I love Jessie's dress.

----------


## true.moon

gorge isnt it she really suits it aswell

----------


## di marco

> jesse looks happy
> i think she looks nicer without all the make up


i agree, she looks a lot better when she dont look orange!

----------


## true.moon

yea she looks so fake with it

----------


## di marco

> yea she looks so fake with it


i know thats what the character of kats meant to be like but it doesnt do jessie any favours

----------


## true.moon

yeah i bet her skin musnt be very nice

----------


## di marco

> yeah i bet her skin musnt be very nice


id hate to have to slap that amount of makeup on my face everyday!

----------


## Treacle

Jessie loves changing into the character of Kat, she says it's a great part to play.

I think she's been less orange this time round.

----------


## di marco

> Jessie loves changing into the character of Kat, she says it's a great part to play.
> 
> I think she's been less orange this time round.

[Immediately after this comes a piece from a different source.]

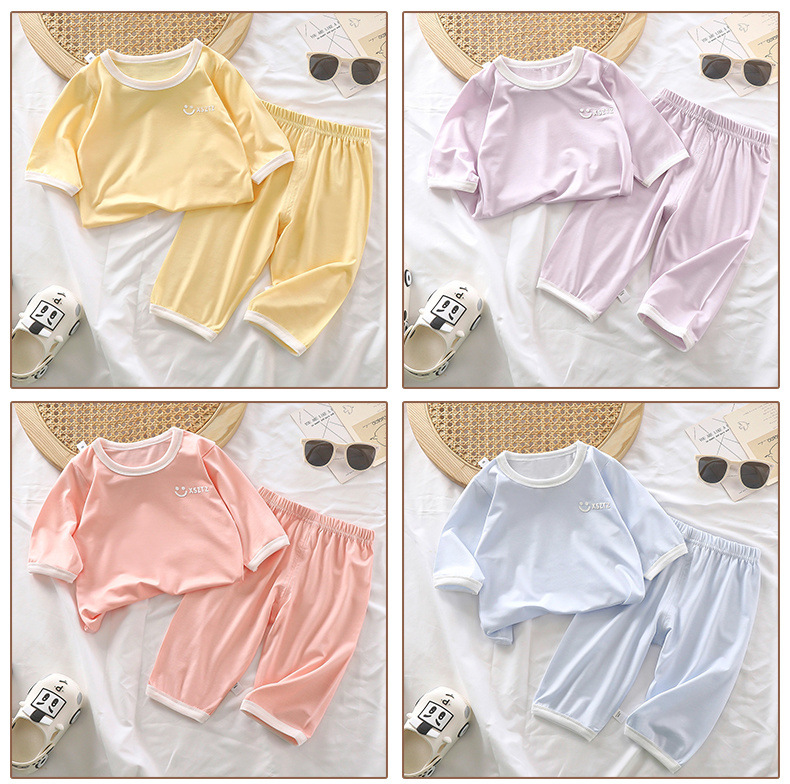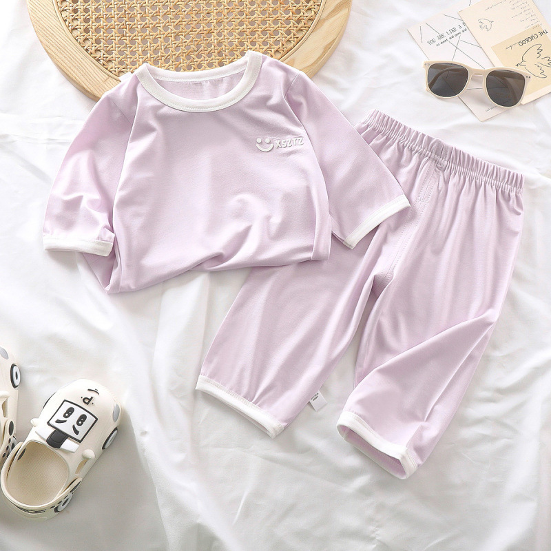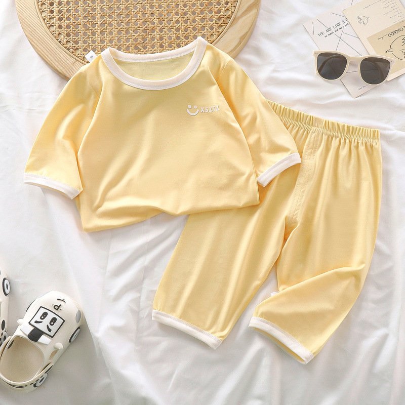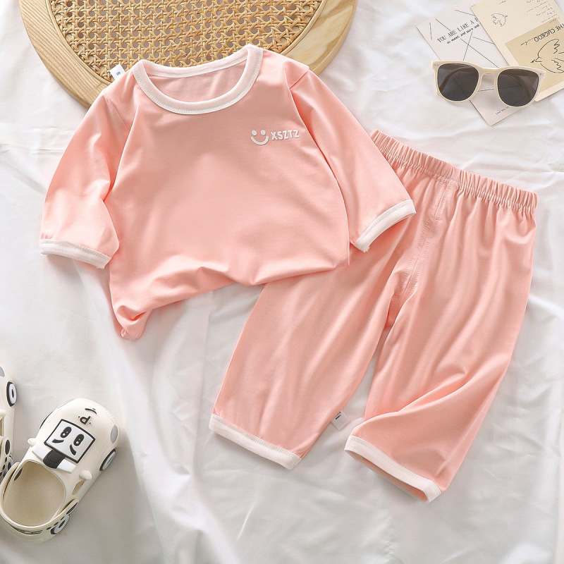 어린이 여름 새로운 에어컨 얇은 잠옷 소년과 소녀 아기 7부 소매 홈

id agree that it seems a well good part to play, just wouldnt like the makeup side. although i agree that kat hasnt been as orange or been wearing as much makeup this time round

----------


## true.moon

yep she has been less orange lol

----------


## Treacle

She looks positively pale in some episodes  :EEK!:

----------


## squarelady

Practising for the 8th July episode! They are attempting to learn Salsa! We'll see how good they are next week - gorgeous photo!

----------


## Treacle

> Practising for the 8th July episode! They are attempting to learn Salsa! We'll see how good they are next week - gorgeous photo!

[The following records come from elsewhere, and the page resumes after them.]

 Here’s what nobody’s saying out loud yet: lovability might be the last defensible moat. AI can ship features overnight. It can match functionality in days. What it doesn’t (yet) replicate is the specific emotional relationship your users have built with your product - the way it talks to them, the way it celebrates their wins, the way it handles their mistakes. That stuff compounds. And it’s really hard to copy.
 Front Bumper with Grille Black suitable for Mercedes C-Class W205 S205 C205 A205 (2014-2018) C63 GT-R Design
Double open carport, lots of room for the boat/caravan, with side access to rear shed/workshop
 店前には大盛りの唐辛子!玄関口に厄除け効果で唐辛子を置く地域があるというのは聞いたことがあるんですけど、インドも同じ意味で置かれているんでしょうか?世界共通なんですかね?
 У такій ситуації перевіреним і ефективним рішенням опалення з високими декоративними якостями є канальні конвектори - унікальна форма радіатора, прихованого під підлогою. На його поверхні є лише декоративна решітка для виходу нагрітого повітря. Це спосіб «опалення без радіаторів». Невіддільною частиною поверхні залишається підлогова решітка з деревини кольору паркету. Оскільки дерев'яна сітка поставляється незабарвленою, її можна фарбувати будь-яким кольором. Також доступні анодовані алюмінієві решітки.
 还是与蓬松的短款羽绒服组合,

It's nice to see them having a laugh together.

----------


## squarelady

> It's nice to see them having a laugh together.


Yer, it's nice to see her happy!

----------


## Treacle

Shame they can't be more like that on-screen.

----------


## squarelady

> Shame they can't be more like that on-screen.


Yer, but then Alfie's changed so much I'm not too sure I'd like to see them re united.

----------


## Jade

I sort of do, may make Alfie pull his socks up.  I think it would be nice for us to see Kat with out a bloke or even one on the scene.  Maybe we can see what she's really like now.

Mo and Alfie - just no no no, although at the mo they are just as wet as eachother.  Would like to have seen a strong side to Mo as we know it exists and Katy Ainsworth is such a good actress.

----------


## Treacle

The Mofie storyline is unsavable.

----------


## Jessie Wallace

I love the picture, this is how i wish they would go back to in Eastenders, it would make my day.

----------


## kirsty_g

nice picture

----------


## .:SpIcYsPy:.

But I guess if they were like that, their characters would be totally different. But yes they do look happy and cool together  :Smile:

----------


## [email protected]

Kat and alfie forever there meant to be lol

*EDIT: REDUCE TEXT TALK*

----------


## Kim

Agreed.

----------


## ~*~Leanne~*~

this pic is really nice

----------